Our credit agreement also contains customary affirmative covenants, including covenants regarding the payment of taxes and other obligations, maintenance of insurance, reporting requirements and compliance with applicable laws and regulations. Further, the credit agreement contains a financial covenant requiring the Company to maintain a minimum level of excess availability at any time. The facility contains events of default, including, among others, non-payment defaults, inaccuracy of representations and warranties, covenant defaults, cross-defaults to other indebtedness, judgment defaults, collateral defaults, bankruptcy and insolvency defaults and a change of control default.
 If we experience a decline in cash flow due to any of the factors described in this “Risk Factors” section or otherwise, we could have difficulty paying interest and principal amounts due on our indebtedness and meeting the financial covenants set forth in our loan facility.

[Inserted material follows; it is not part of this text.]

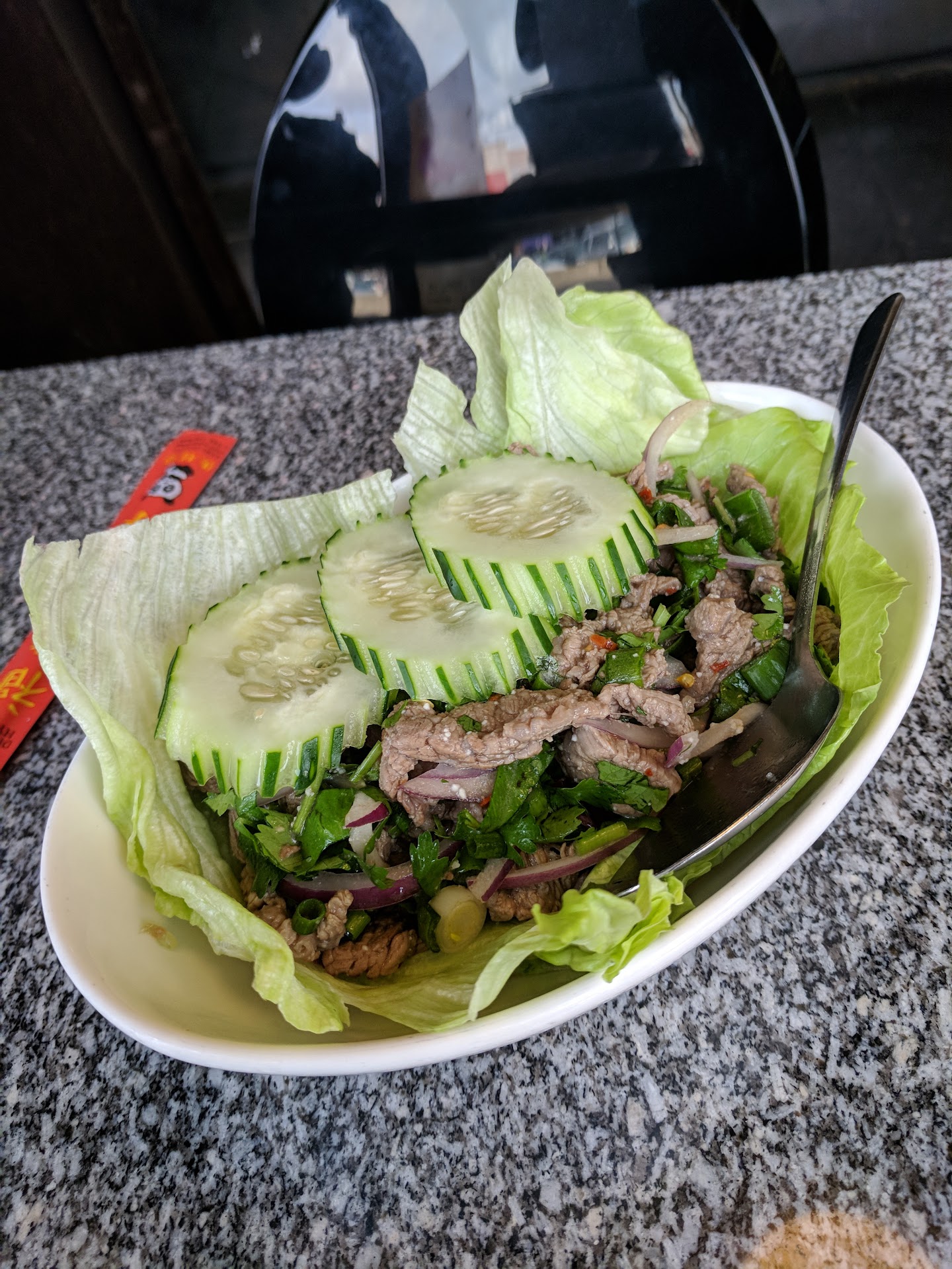 Read moreA little awkward at first. The service window was right by the door so instinctually you head towards it but there's a few signs saying to wait for seating. Menus are already laid out at the table so you can have a look right away. Everytime I visit a Thai restaurant I always go for the Tom yum soup (hot and sour) and/or Nua Nam Tok (spicy beef salad) and this visit was no exception. Food came out at a good pace and it was delicious. The serving of beef was on the heartier side which can be overwhelming if you are expecting a salad but it was good. The steak could have been cooked a little less or at least gone through a different cooking method to make it less chewy. Other than that it was just the right level of spice (though you can crank it up two more levels). The soup was fantastic and I loved that they give you the option of just vegetables or you can have shimp (which is traditional) or chicken. I wasn't feeling shrimp today so I went light and got veg. Overall...

If we are unable to generate sufficient cash flow or otherwise obtain the funds necessary to make required payments under the credit facility, or if we fail to comply with the requirements of our indebtedness, we could default under our credit facility. Any default that is not cured or waived could result in the acceleration of the obligations under the credit facility, an increase in the applicable interest rate under the credit facility, and would permit our lender to exercise rights and remedies with respect to all of the collateral that is securing the credit facility, which includes substantially all of our assets. Any such default could materially adversely affect our liquidity and financial condition.
Even if we comply with all of the applicable covenants, the restrictions on the conduct of our business could materially adversely affect our business by, among other things, limiting our ability to take advantage of financings, mergers, acquisitions and other corporate opportunities that may be beneficial to the business. Even if the credit facility were terminated, additional debt we could incur in the future may subject us to similar or additional covenants, which could place restrictions on the operation of our business.
If we fail to maintain proper and effective internal controls, our ability to produce accurate financial statements could be impaired, which could adversely affect our operating results, our ability to operate our business and our stock price.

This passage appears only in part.